暗河的水流在浅滩尽头拐了最后一道弯。
舢板擦着黑铁矿石岩壁滑过去,船底的铁皮刮在暗礁上发出极刺耳的摩擦声,火星在黑暗里一闪即灭。
前方出现一道天然石拱门。
不是人工凿的,是断灵石矿脉和黑铁矿石岩层在三千年地壳挤压下天然裂开的一条缝隙,刚好容一条舢板通过。
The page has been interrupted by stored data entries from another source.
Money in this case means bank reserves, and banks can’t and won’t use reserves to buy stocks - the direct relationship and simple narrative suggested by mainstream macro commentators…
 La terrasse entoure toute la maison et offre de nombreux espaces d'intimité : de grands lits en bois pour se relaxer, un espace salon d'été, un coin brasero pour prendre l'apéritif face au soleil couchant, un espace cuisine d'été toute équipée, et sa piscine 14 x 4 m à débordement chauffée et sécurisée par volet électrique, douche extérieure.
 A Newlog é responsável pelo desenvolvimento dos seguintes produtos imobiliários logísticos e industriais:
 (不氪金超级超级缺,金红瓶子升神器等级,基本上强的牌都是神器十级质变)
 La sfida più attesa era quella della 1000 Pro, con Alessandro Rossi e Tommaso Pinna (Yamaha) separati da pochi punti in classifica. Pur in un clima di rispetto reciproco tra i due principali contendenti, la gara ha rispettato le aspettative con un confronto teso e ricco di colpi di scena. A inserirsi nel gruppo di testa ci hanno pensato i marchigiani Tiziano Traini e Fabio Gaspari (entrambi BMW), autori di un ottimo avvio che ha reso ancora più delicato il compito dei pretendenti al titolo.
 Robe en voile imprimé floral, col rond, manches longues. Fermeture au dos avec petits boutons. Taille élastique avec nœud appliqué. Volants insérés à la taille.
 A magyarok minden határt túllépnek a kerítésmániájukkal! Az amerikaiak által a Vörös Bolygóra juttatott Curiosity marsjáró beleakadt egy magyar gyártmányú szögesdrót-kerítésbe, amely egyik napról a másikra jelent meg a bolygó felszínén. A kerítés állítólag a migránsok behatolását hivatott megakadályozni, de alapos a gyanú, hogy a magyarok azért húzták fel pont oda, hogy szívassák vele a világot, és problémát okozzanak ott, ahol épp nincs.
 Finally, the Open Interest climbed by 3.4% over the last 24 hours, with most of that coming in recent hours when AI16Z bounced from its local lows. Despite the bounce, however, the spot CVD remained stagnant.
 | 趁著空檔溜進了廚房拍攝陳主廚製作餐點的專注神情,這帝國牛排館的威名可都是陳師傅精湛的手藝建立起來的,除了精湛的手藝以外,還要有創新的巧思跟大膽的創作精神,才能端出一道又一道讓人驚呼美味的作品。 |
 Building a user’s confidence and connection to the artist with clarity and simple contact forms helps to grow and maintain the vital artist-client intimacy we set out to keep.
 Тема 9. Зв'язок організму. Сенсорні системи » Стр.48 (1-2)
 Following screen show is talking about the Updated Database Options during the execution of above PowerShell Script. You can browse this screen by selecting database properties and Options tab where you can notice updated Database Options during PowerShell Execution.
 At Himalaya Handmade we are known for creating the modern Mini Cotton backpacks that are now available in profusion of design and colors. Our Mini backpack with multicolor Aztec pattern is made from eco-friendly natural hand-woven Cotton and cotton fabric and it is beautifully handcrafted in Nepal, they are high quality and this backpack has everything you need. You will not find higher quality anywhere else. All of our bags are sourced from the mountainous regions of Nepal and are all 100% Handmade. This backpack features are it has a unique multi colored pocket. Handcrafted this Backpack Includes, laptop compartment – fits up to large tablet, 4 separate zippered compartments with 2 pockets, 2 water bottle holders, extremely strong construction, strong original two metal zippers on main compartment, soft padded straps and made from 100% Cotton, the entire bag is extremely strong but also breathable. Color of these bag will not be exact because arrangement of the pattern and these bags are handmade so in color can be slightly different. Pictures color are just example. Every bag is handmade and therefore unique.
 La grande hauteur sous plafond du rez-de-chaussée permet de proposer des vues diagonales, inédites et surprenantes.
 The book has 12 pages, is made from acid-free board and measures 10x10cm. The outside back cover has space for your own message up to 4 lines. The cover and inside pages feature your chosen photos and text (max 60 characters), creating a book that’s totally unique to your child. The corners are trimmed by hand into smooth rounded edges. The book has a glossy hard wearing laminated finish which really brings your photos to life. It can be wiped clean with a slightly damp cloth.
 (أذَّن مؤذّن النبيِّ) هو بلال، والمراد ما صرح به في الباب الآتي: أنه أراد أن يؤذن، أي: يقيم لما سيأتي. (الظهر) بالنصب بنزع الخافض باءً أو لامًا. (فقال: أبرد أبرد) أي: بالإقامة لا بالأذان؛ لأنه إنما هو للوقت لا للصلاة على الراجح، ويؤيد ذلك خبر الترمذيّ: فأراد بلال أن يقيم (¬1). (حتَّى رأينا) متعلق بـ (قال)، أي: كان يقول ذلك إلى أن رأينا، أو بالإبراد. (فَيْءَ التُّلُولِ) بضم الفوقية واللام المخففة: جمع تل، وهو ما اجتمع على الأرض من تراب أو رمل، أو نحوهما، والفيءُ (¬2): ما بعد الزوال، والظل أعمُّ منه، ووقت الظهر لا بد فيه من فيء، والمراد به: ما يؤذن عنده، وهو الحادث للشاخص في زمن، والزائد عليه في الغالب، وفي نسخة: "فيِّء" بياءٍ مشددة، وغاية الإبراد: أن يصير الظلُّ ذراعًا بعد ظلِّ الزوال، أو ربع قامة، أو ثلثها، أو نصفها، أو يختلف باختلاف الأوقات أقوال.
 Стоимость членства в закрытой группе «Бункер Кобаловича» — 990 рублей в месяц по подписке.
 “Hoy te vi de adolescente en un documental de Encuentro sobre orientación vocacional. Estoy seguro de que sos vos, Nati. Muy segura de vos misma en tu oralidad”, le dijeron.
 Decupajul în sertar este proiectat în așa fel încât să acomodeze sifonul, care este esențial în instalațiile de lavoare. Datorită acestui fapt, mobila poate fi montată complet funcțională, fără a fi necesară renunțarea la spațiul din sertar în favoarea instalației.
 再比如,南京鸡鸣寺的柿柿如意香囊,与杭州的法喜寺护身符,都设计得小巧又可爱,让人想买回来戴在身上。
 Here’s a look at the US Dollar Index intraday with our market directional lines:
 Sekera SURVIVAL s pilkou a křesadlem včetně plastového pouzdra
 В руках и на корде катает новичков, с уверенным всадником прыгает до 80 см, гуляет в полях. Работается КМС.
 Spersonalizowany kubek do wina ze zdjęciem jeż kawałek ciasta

拱门边缘嵌满了断灵石原矿碎片,每一片都泛着极淡极冷的幽蓝荧光,把整道拱门照得像工地深夜加班时头顶那盏孤零零的碘钨灯。
苏意把矿镐当撑杆在拱门岩壁上一点,舢板穿过拱门。
断灵石粉末从拱门顶端簌簌往下掉,落在暗河水面上激起点点涟漪。
走出石拱门的瞬间,眼前豁然开朗。
不是暗河,不是地底裂缝,不是矿道。
是一片极开阔的戈壁荒滩。
和第五重天那种烈日高悬的戈壁不同——这里的天空是灰白色的,没有太阳,没有云层,只有一种均匀的灰白光亮笼罩着整片大地。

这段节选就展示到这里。